Whether you're a developer or you're just simply interested in AI, this update is worth your attention. One question I get asked constantly is how can I use an AI model without actually sending my data to, like, the big corporations? Well, llama 3.2 has a pretty solid answer for you. You can run it directly on your device. In fact, you can use it without even being connected to the Internet if you want.
So what's new in llama 3.2? Well, first, the larger models, eleven B and 90 B, they both now have vision capabilities. This means that not only can they understand text, but they can understand images now as well. You can ask the AI about a chart in your report or to describe a photo and it would understand the visual context.
But meta actually put out some lighter weight models as well, with one b and three b text only models. These are perfect for on device AIH applications and even on mobile phones. Imagine a personal assistant that can summarize your messages or manage your schedule, all while keeping your data on your device. One of the really cool features about these models is that it supports 128,000 token context window. It's like being able to put a whole book's worth of information inside of a single conversation.
This llama 3.2 is actually optimized for Qualcomm and MediaTek hardware right out of the gate. Now this is super important for anybody that wants to actually develop AIH powered applications for mobile phones. And one of the most important aspects of these llama models is that they're open source. So you can download these models from llama.com or from hugging face and start building immediately. They're compatible with platforms like AWS and Google Cloud and Microsoft Azure and a ton of others.
Now personally, I believe open sourcing these models is really, really important. It encourages innovation and it allows for more diverse applications. This year alone, llama has seen ten x the growth and has become one of the preferred large language models for AI development. And if you're a developer, this means that you have access to the most cutting edge models that you can modify and adapt to your specific needs. And while if you're not a developer, it means that the apps and services that you're going to use could be significantly more intelligent and more helpful.
I've also got to mention that meta really prioritize safety. With this new release, they've introduced new safeguards including Llama Guard three, which is designed to ensure that these powerful models are actually used responsibly. So whether you're aiming to create innovative AI applications or you're simply excited about the future of technology, Llama 3.2 is actually really worth exploring. It's powerful, it's really flexible, and it's available for everybody to use and improve upon and iterate on.
So if you're ready to get started, you can go to llama.com or you can go to hugging face and download the models to begin your journey with Llama 3.2. The future of AI is open source and it's here now.

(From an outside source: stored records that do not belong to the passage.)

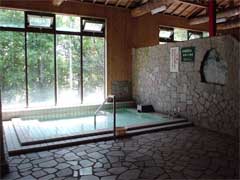 風呂場 とても広く開放的な風呂です。が、肝心の湯はぬるくて困る。源泉が出ているところからは熱いのですが、いかにも湧かしていますという感じで悲しい。 |
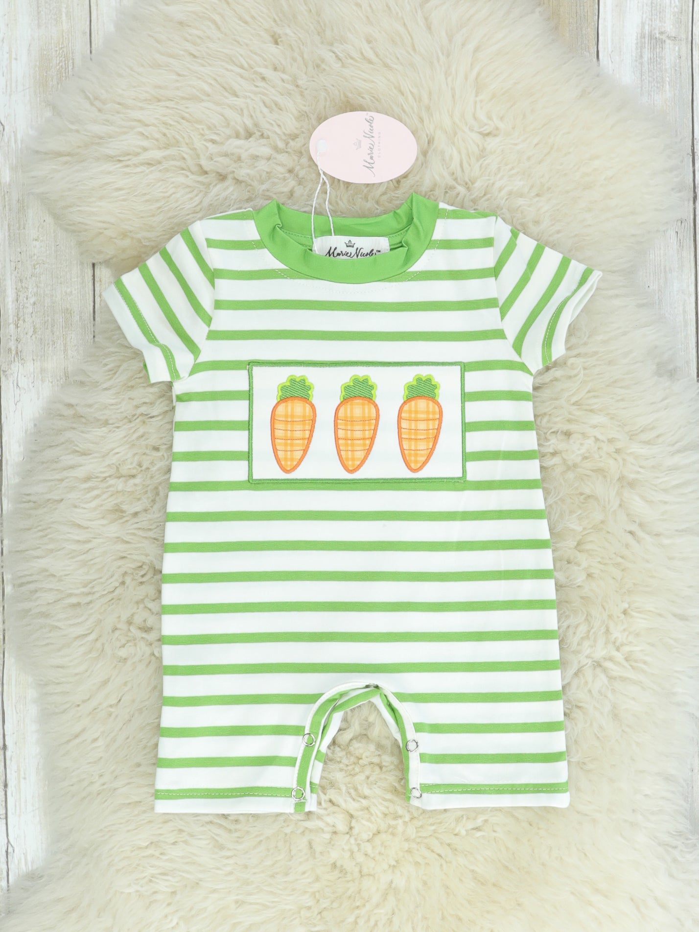 Carrots for the Easter bunny! This green striped romper has carrot appliqués and snap buttons making for easy diaper changes. Shop the collection here!
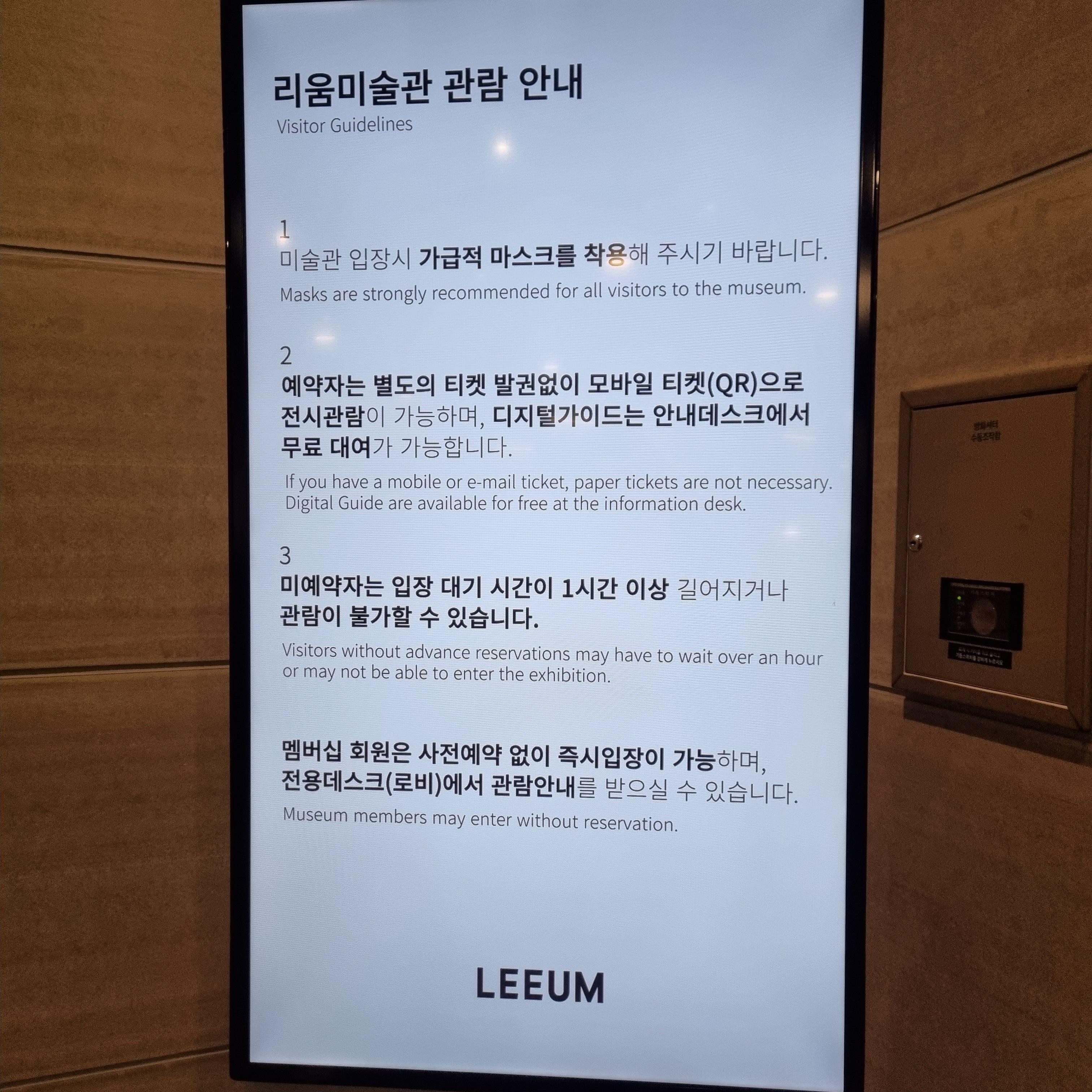 2월 14일부터는 미술관 내 관람객의 안전을 위해 현장발권을 하지 않고 100%사전 예약제로 변경운영한다고 하니 관람하실 분들은 참고하세요.
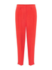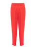 - Spodnie o prostym kroju z tkaniny lnianej z dodatkiem wiskozy w kolorze czerwonym. Nogawki z rozporkami i odszytym kantem. Zapinane z przodu na haftkę i kryty zamek. Z kieszeniami i szlufkami.
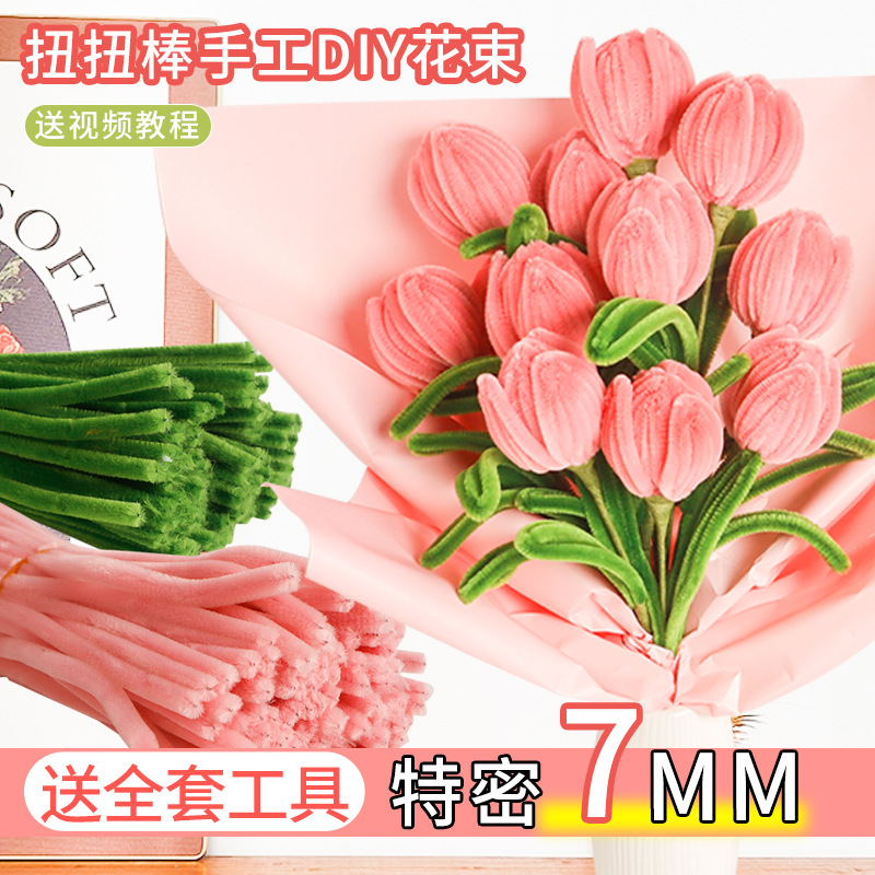 扭扭棒加密款特密毛根花束幼儿园儿童郁金香向日癸毛绒手工毛条

Moving on to Microsoft now, there was a ton of announcements to come out of the world of Microsoft, especially if you have one of the new copilot plus PCs with the NPU neural processing unit built into them. These are pretty much all of the new laptops and computers that are coming out from Microsoft these days are this new version of the Copilot PCs. Some of the new features you're going to get are the recall feature. This was a feature that was supposed to roll out when the new copilot PCs rolled out, but a lot of security and privacy concerns popped up and they sort of put it on the back burner for a little bit to fix it and improve some things.
And now they're finally rolling out this recall feature, which is essentially like your Internet browsing history, but for everything you do on your computer, it remembers you editing videos or writing documents in word or browsing through your photos. Anything that you did throughout the day. It sort of saves it as a history. So you can go back to that moment and remember what you were doing on your computer. And yes, you have the option to turn it on and off. And no, they don't actually send the information that they're collecting back to Microsoft. This is all just on device.
They're also adding this click to do feature where if you have like an image open on your computer, you can click on it and you can see. It gives the option to visual search with Bing blur background with photos, erase objects with photos, remove background with paint. So just by clicking on the image you get a whole bunch of new sort of AI related options. It says here. It also assists with text related actions such as rewrite, summarize, or explain text in line, opening in a text editor, sending an email, web searches, and opening websites.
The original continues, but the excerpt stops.